I've verified this reproduces KNN performance at different resolutions for UCMerced but will repeat for other datasets.

@RitwikGupta let me know if this looks good. I cleaned up some of the code a bit to work out of the box with our trainers (this required setting the res when initializing the model instead of dynamically but I think it should still be fine).

@calebrob6 lmk if you want to team up on this one.

adamjstewart

Also see changes in https://github.com/microsoft/torchgeo/pull/2052/files

docs/api/misc_pretrained_weights.csv

torchgeo/models/scale_mae.py

adamjstewart

Some minor renaming suggestions to make things more consistent with DOFA, and some major documentation improvement suggestions. I'm willing to help with both if needed.

adamjstewart · 2024-05-17T12:29:53Z

docs/api/misc_pretrained_weights.csv

Two thoughts:

I wonder if we should move both of these to the new "Sensor-Agnostic" section because they technically work for (RGB-only) imagery from any sensor

Since both of these have evaluation results on fMoW, can we add additional columns with those performance metrics (assuming they are comparable)? If we move them to "Sensor-Agnostic", we may need two tables, one for things evaluated on GEO-Bench and one for things evaluated on fMoW.

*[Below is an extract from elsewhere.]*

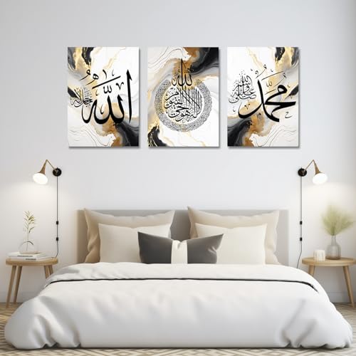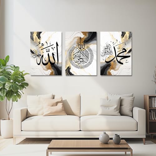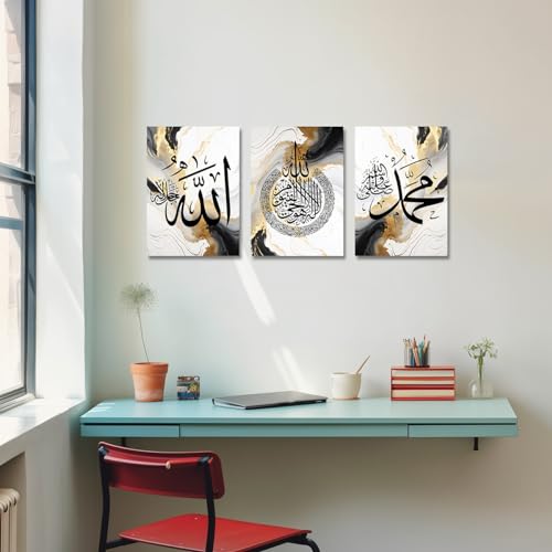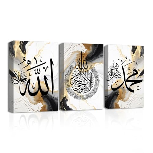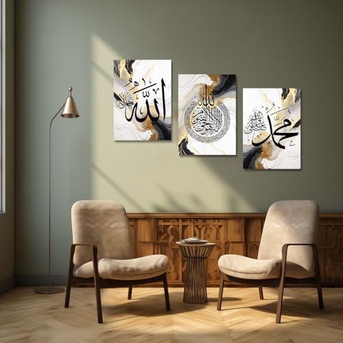 CXHOSTENT - لوحات جدارية من سي إكس هوستنت، طباعة فنية إسلامية لتزيين غرف المنزل بتصميم آية الكرسي، لون إسلاميك-1، مقاس 30.48 × 40.64 سم، مجموعة من 3 قطع

We may also want to add a short summary or table of which sensor-agnostic models provide which features. For example, DOFA enables explicit dynamic spectral band support (via model arch) and implicit dynamic resolution (via training data) while Scale-MAE has no dynamic spectral band support (RGB-only) but explicit dynamic resolution support (via model arch). Not sure about GASSL, maybe only implicit dynamic resolution (via training data)? It's worth mentioning that neither have dynamic temporal resolution support (maybe Satlas does?). I'm planning on highlighting this in our release notes, so I can also write something up if needed. Something like:

"The following pre-trained models offer dynamic spatial (resolution), temporal (time span), and/or spectral (wavelength) support, either via their training data (implicit) or via their model architecture (explicit):"

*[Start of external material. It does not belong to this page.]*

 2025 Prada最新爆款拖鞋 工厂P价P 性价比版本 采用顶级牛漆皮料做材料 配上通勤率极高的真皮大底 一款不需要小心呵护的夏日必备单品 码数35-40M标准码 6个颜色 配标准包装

Model Spatial Temporal Spectral

DOFA implicit - explicit

GASSL implicit - -

Scale-MAE explicit - -

We could also optionally specify the range of resolutions/time spans/wavelengths that the model was pre-trained on. Just want to give users more feedback as to which model to choose.

Should we save this for a different PR?

I'm fine with that, just don't let me forget before the release.

I'll open a PR after this one so we don't forget to finish it

adamjstewart · 2024-05-17T12:31:46Z

docs/api/models.rst

+Scale-MAE Vision Transformer
+^^^^^^^^^^^^^^^^^^^^^^^^^^^^


Suggested change

Scale-MAE Vision Transformer

^^^^^^^^^^^^^^^^^^^^^^^^^^^^

Scale-MAE

^^^^^^^^^

This is how we named DOFA, which also uses a ViT backbone

adamjstewart · 2024-05-17T12:34:34Z

torchgeo/models/scale_mae.py

+# Copyright (c) Microsoft Corporation. All rights reserved.
+# Licensed under the MIT License.
+
+"""Pre-trained Scale-MAE Vision Transformer models."""


Suggested change

"""Pre-trained Scale-MAE Vision Transformer models."""

"""Pre-trained Scale-MAE models."""

adamjstewart · 2024-05-17T12:35:44Z

torchgeo/models/scale_mae.py

+    return emb
+
+
+class ScaleMAEViT(VisionTransformer):  # type: ignore[misc]


Suggested change

class ScaleMAEViT(VisionTransformer): # type: ignore[misc]

class ScaleMAE(VisionTransformer): # type: ignore[misc]

adamjstewart · 2024-05-17T12:35:55Z

torchgeo/models/scale_mae.py

+Weights.__deepcopy__ = lambda *args, **kwargs: args[0]
+
+
+class ScaleMAE_ViTLarge16_Weights(WeightsEnum):  # type: ignore[misc]


Suggested change

class ScaleMAE_ViTLarge16_Weights(WeightsEnum): # type: ignore[misc]

class ScaleMAELarge16_Weights(WeightsEnum): # type: ignore[misc]

adamjstewart · 2024-05-17T12:36:15Z

torchgeo/models/scale_mae.py

+    )
+
+
+def scalemae_vit_large_patch16(


Suggested change

def scalemae_vit_large_patch16(

def scalemae_large_patch16(

Or is the image size customizable?

Can we add additional sizes? I know we only have pre-trained weights available for large, but we might as well add functions to instantiate other sizes like they do in the source repo.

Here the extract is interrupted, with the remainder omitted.